A performance metric to fight smog
Dealing with pollution requires an empowered institution whose performance is tied solely to controlling pollution.
The Great Smog of India is in the genre of everything-the-intelligent-person should know about air pollution in India. It’s attractively written with an easy, breezy style. It instantly sets the reader at ease that she is not about to be inundated with complicated scientific models and graphs about climate change. The author purposefully dumbs down the narrative. The first three chapters like a novel with a bottom-up view of what air pollution means to the ordinary Indian and the havoc it can cause in everyday lives.
The author is wise in limiting his objectives to build his narrative by aggregating existing literature. There is a great deal of overseas work on the source and health impacts of air pollution but relatively little about India. We learn for instance that a million people — around 10 per cent of total deaths — die every year prematurely due to air pollution.
Smog is a North Indian problem caused by the mighty Himalayas which block the dust and soot, carried by strong winds from as far away as West Asia, from transgressing into Tibet and thence China. This cloud of death hangs about the northern plains just below the Himalayan range.
Some of this pollution is due to the burning of rice stubble in November to clear the fields for the winter wheat crop. Just '240 billion could virtually end pollution on this account by subsidising the purchase of farm equipment in Punjab, Haryana and Uttar Pradesh which can cut the stubble, plant the wheat crop and grind the paddy straw into the soil as desirable, protective mulch for the wheat seeds.
This would not however end air pollution in the Gangetic plain. There are other point sources of emission like construction, industry and transport. But it would cut the peak loads which push air quality into the hazardous range during winter. The wonder is that this paltry sum is considered unaffordable as a public outlay. Spread across the affected population of at least 400 million citizens it amounts to just '600 per head — less than the cost of a tandoori chicken meal for two in a Punjab roadside dhaba.

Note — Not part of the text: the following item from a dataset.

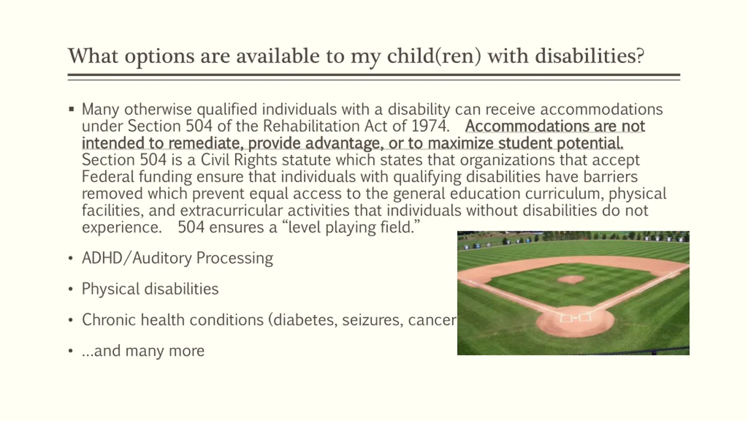 What options are available to my child(ren) with disabilities? Many otherwise qualified individuals with a disability can receive accommodations under Section 504 of the Rehabilitation Act of 1974. Accommodations are not intended to remediate, provide advantage, or to maximize student potential. intended to remediate, provide advantage, or to maximize student potential. Section 504 is a Civil Rights statute which states that organizations that accept Federal funding ensure that individuals with qualifying disabilities have barriers removed which prevent equal access to the general education curriculum, physical facilities, and extracurricular activities that individuals without disabilities do not experience. 504 ensures a level playing field. Accommodations are not ADHD/Auditory Processing Physical disabilities Chronic health conditions (diabetes, seizures, cancer) and many more

The author points to the dire need for collective action by citizens to press government into doing more to avoid people from falling sick — often terminally with lung cancer; becoming prone to diabetes or deficient in Vitamin D because the healing rays of the sun are often shaded out by soot particles from burning biomass or poorly maintained coal-fired power plants — many of which are owned by the public sector. He emphasises that the success and affordability of making better healthcare accessible to all — on which Prime Minister Narendra Modi has laid great stress — depends on ensuring that less people fall ill in the first place.

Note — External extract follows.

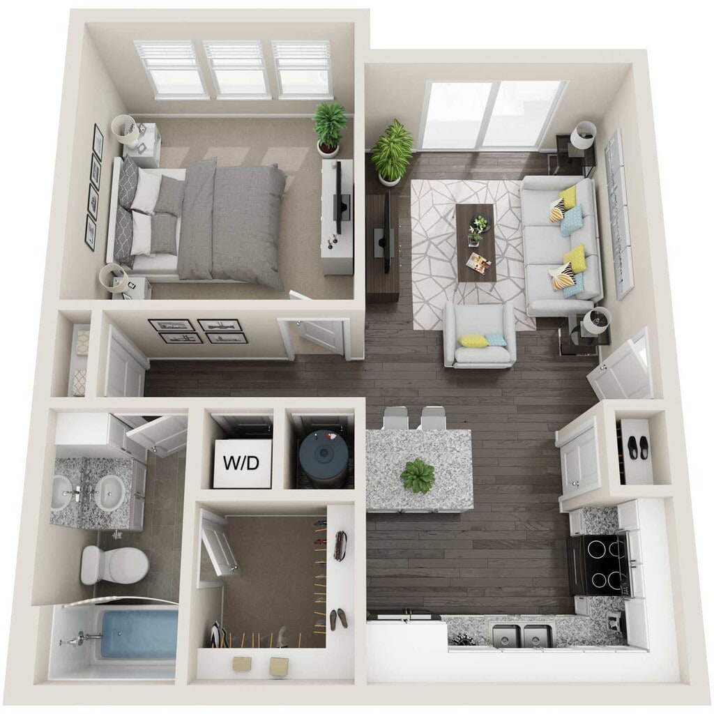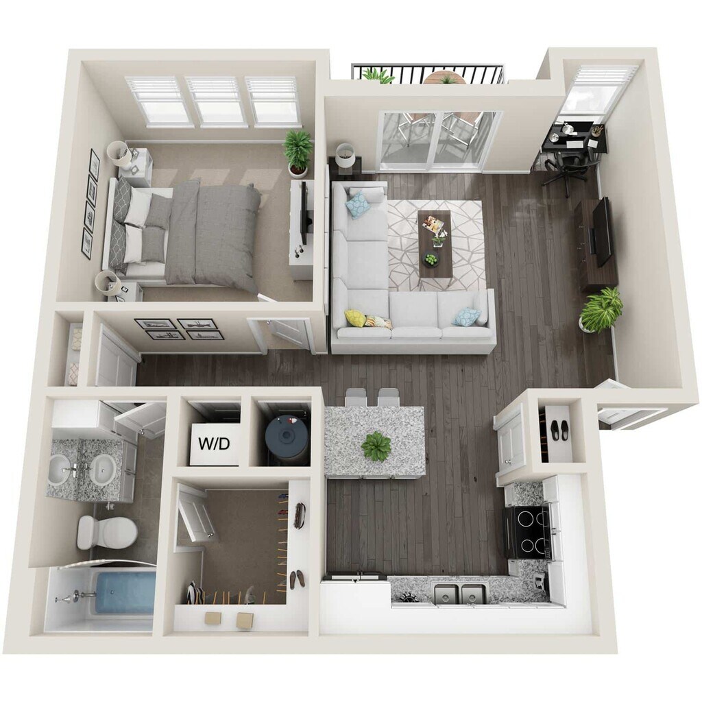 1 Dormitorio, 1 Baño, 633 pies²Disponible AhoraGalería del Modelo

The book is an engaging, albeit rambling forest walk, with the author happily heading off into side trails, ranging from energy efficiency in the manufacturing sector to the economic history of agricultural production in North India; coal mining practices and the structure of the transportation market. To the impatient reader these come as distractions from the main story. Such readers are advised to proceed directly to the last chapter. This is a lucidly written account of why India is so polluted.
Read this in conjunction with Chapter 2 which is intriguingly titled, “Love in the Time of Air Pollution”. But the title is just a hook to get the reader down to some serious reading about the sources of air pollution and the health impacts thereof.

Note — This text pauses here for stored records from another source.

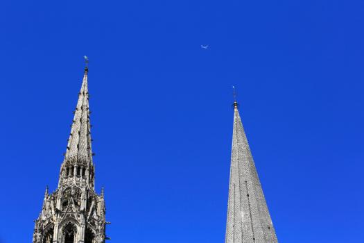 Cathédrale Notre-Dame de Chartres, flèches des deux tours dites clocher neuf et clocher vieux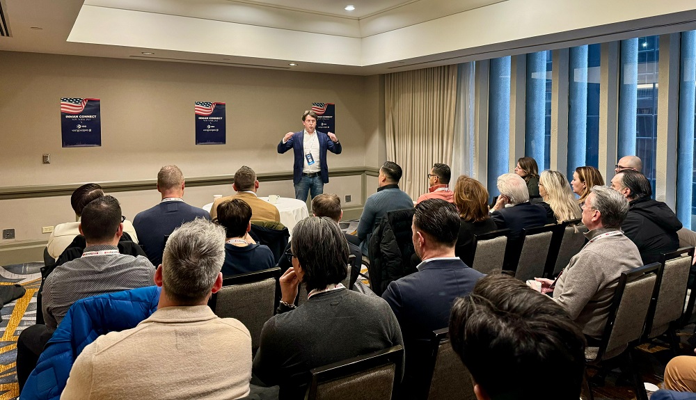 Maarten Colijn praat de deelnemers van de studiereis bij na dag 1 van Inman Connect.
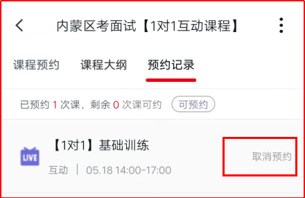 (1)面試1對1互動課程,每天中午12點截止次日課程的預約,如若更改預約時間或臨時有事需要取消課程,需要在開課前1天中午12點之前點擊預約記錄--點擊“取消預約”;

The short point is there is contradictory evidence about the load of pollutants imposed from different sources. But simultaneous action is key on all the four main sources — power generation from big coal plants and distributed diesel generators used by the rich and by industry to fill the gaps in electricity supply; private vehicles particularly diesel cars, trucks and buses; coal-fired industries and the burning of biomass. The costs associated with cleaning up our coal, biomass and oil economies is miniscule when compared with the likely health impacts of further neglect.
The political economy issue with enhancing the supply of quality public goods (like clean air) is that they are not as effective for getting votes as reducing the cost of private goods (food, fuel and fertiliser) for getting votes — the final metric in a democracy of how and where capital is allocated.
As elections near, all political parties race to appease poor Indians who are the largest voter group. Air pollution, the author reminds us, affects the poor the most. This “silent killer” is very much like inflation. This government has the satisfaction that inflation has reduced during its term and continues to be low. Much of this is because there is an empowered institution — the Reserve Bank of India which has a performance metric, since 2015, to keep inflation low.
Dealing with pollution requires a similarly empowered institution whose performance is tied solely to controlling pollution. The existing institutional architecture is weak and relies heavily on direct intervention by the Supreme Court to achieve this objective. Clearly this is suboptimal.
Managing air and water pollution is an executive responsibility. India is a soft state. Unlike China, top-down directives are unlikely to work. The way out is to make adequate capital allocations such that polluters — many of whom are public sector companies, like the oil companies, which have yet to roll out Bharat VI standard fuel — make the necessary capital investments and control end-of-pipe pollution emissions.
Investment incentives for clean coal and efficient industrial equipment aligned with the excellent work already done by the Bureau of Energy Efficiency, needs sustained support. Similarly, nimble, public sector incubators and “green” equipment supply aggregators, like the Energy Efficiency Services Limited (EESL) should be networked into a pan-India “green” manufacturing community, which leads the way to uncover the piles of “gold” hidden under the pervasive soot.